**What is needed**
Reproduce the listing below character for character; drop every image.

**Input data**

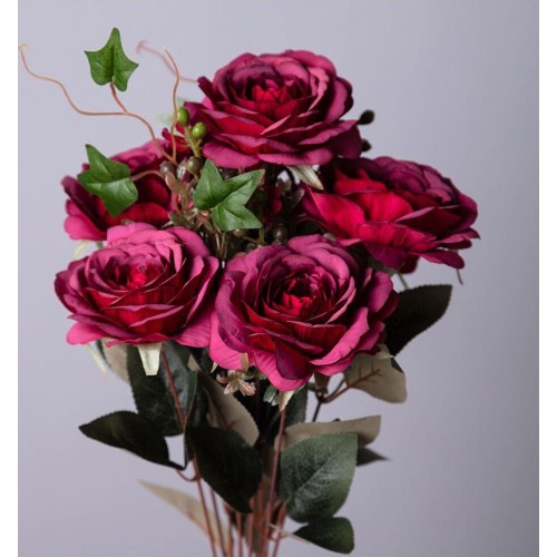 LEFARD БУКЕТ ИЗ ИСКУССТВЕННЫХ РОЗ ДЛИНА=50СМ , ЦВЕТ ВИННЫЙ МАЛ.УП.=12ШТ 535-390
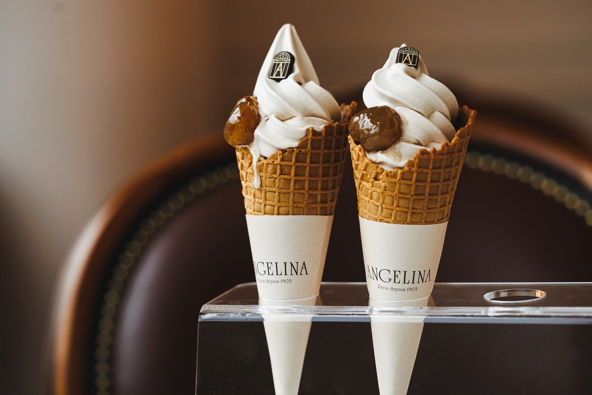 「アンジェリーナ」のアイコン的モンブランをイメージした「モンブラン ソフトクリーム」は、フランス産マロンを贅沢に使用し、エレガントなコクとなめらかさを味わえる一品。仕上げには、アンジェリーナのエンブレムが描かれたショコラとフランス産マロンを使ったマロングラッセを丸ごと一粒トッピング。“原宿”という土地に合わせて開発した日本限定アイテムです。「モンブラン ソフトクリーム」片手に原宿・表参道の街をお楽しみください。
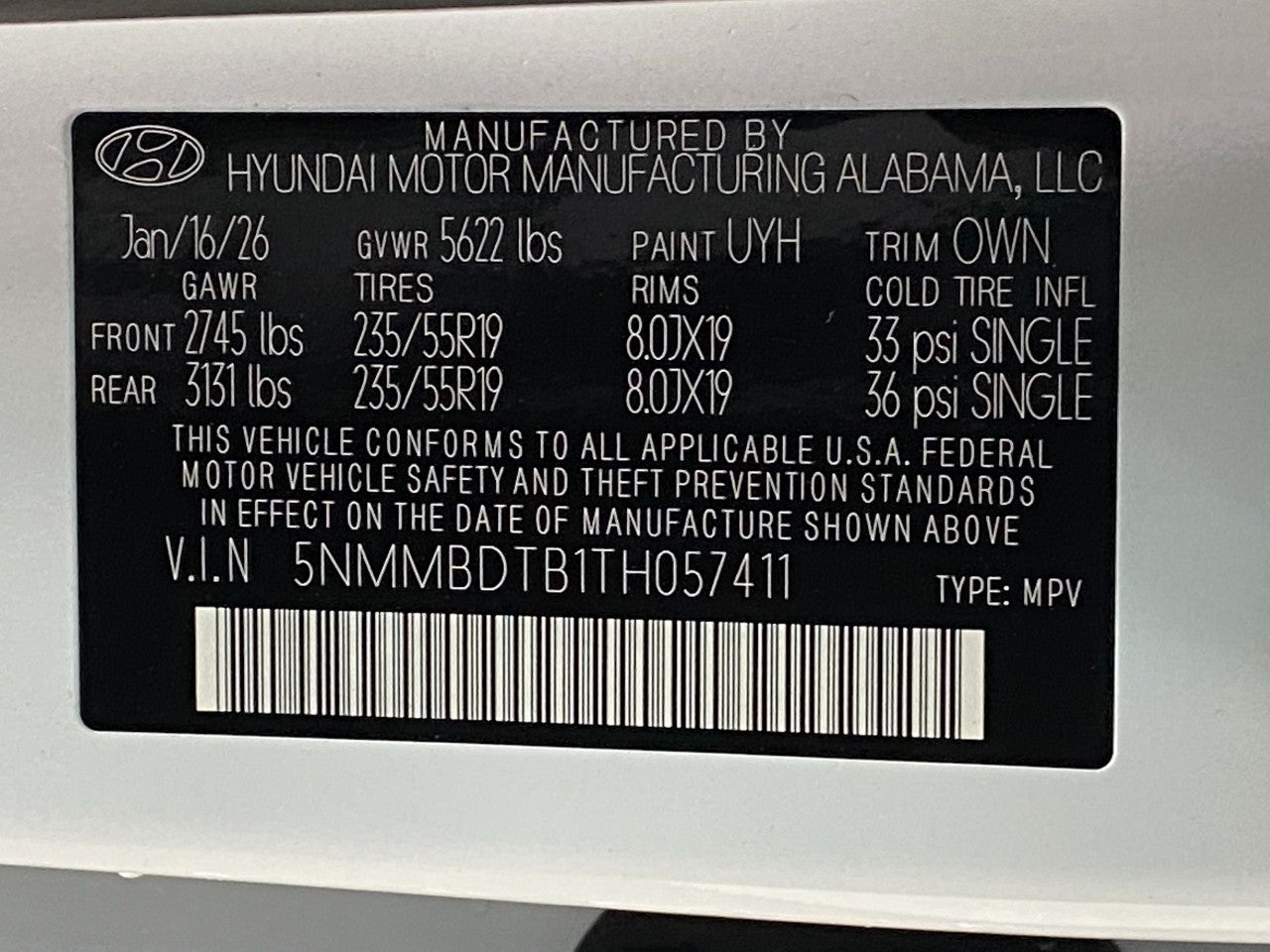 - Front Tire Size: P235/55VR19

**Result for this exercise**
 LEFARD БУКЕТ ИЗ ИСКУССТВЕННЫХ РОЗ ДЛИНА=50СМ , ЦВЕТ ВИННЫЙ МАЛ.УП.=12ШТ 535-390
 「アンジェリーナ」のアイコン的モンブランをイメージした「モンブラン ソフトクリーム」は、フランス産マロンを贅沢に使用し、エレガントなコクとなめらかさを味わえる一品。仕上げには、アンジェリーナのエンブレムが描かれたショコラとフランス産マロンを使ったマロングラッセを丸ごと一粒トッピング。“原宿”という土地に合わせて開発した日本限定アイテムです。「モンブラン ソフトクリーム」片手に原宿・表参道の街をお楽しみください。
 - Front Tire Size: P235/55VR19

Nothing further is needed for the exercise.